CT: The strangeness of the Islands is how close they are to the mainland. MS-G: You mean they seem close on the mainland?

CT: They seem close, compared to Tory Island, or the Aran Islands. When you see the distance it’s quite short. MS-G: The Blasket sound is what is misleading about the closeness of the island to the mainland. It has strong currents and it can be very dangerous. However physically near the island looks, in bad weather you can be cut off for days, even weeks, or months at a time in the winter.

CT: When did you go to the Island first? MS-G: My first visit to the Great Blasket was in 1964 it was a day visit, after that I spent as much time as possible there.

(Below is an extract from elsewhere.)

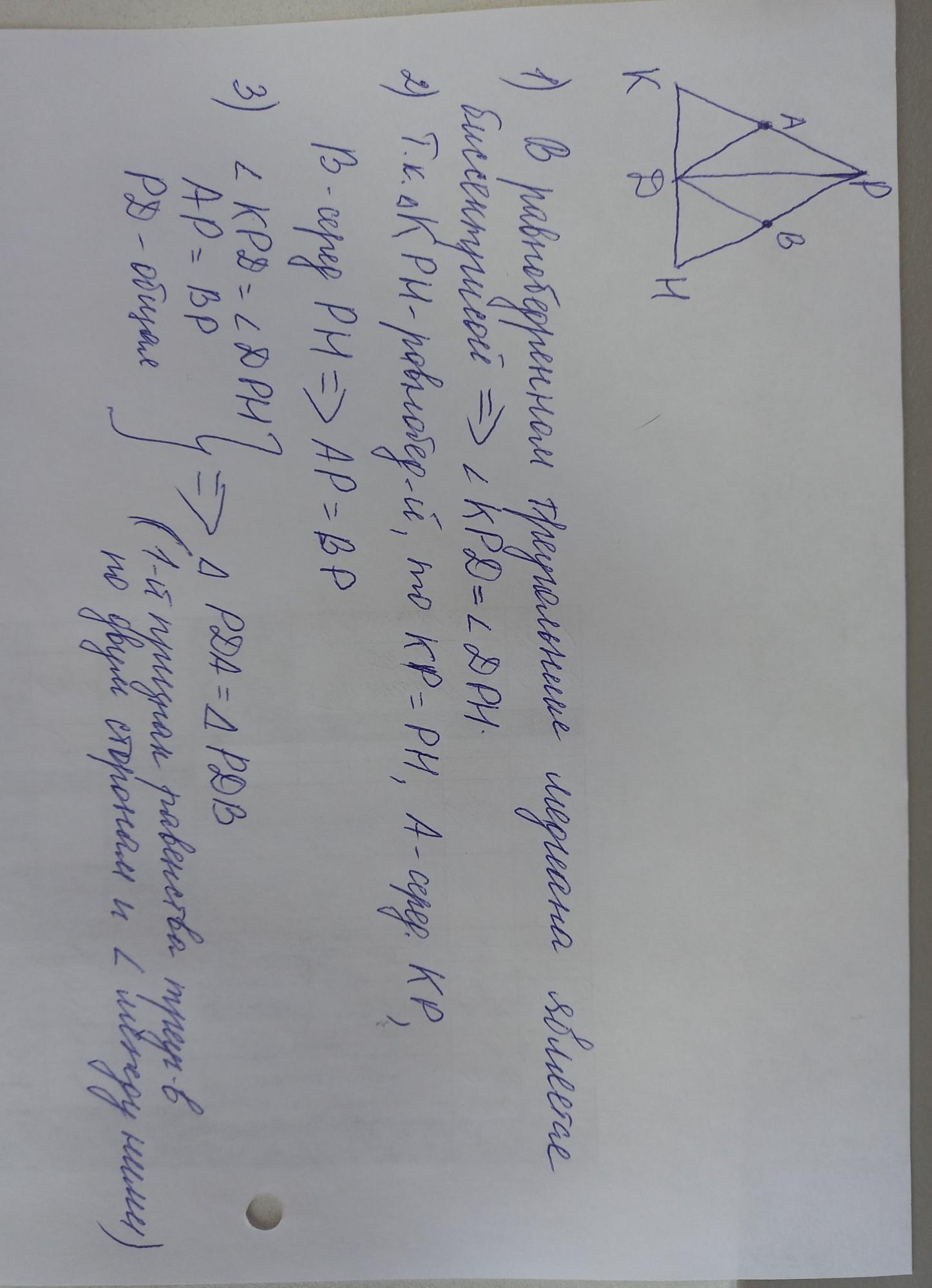 В равнобедренном треугольнике КРН с основанием КН проведена медиана РД Точка А середина стороны РК Точка В середина стороны РН . докажите равенство треугольников РДА и РДВ.

CT: What were conditions like after that? MS-G: Well, in those days the islanders used to stay over on the island for a week or two

24 to shear their sheep. There were quite a few of the cottages that still had their roofs, bits of furniture, chairs, a table, and even a few mugs and plates. Any time I took a tent it got blown down. The islanders have always made it possible for me to stay in one of their cottages. The weather often changed. In the bad weather there was no way of drying out one’s clothes. There was no wood to make a fire. The Island had – and still has – a magic that draws people to it. I do not think that will ever change.

CT: So that’s the big Island? MS-G: Yes, that’s the Great Blasket. I always used to stay in Krugers Guest House. It was July 1968 the same year that I later purchased my cottage. It was a very hot summer; there wasn’t a drop of rain for weeks on end. I could see the Blasket Island had a lot of tents on it and when I met skin divers in Kruger’s pub that evening who were diving for the Santa Maria de la Rosa, which sank off the Blasket in 1588, they said that if we were down at the Cuaisín, a small sheltered cove, at 3 pm the next day they’d take us to any Island I wished. I was with my cousin and we packed a sack with tea and potatoes and essential provisions with one luxury, a bottle of Kruger’s port. It was on promotion! We were at the Cuaisín at 3 pm the next day. Dom Tucker and two other skin divers arrived in their dinghy. I told them it was the Inis I wanted to go to. I chose this island although none of us knew anything about it, except it looked far enough out to find the solitude I was hoping for.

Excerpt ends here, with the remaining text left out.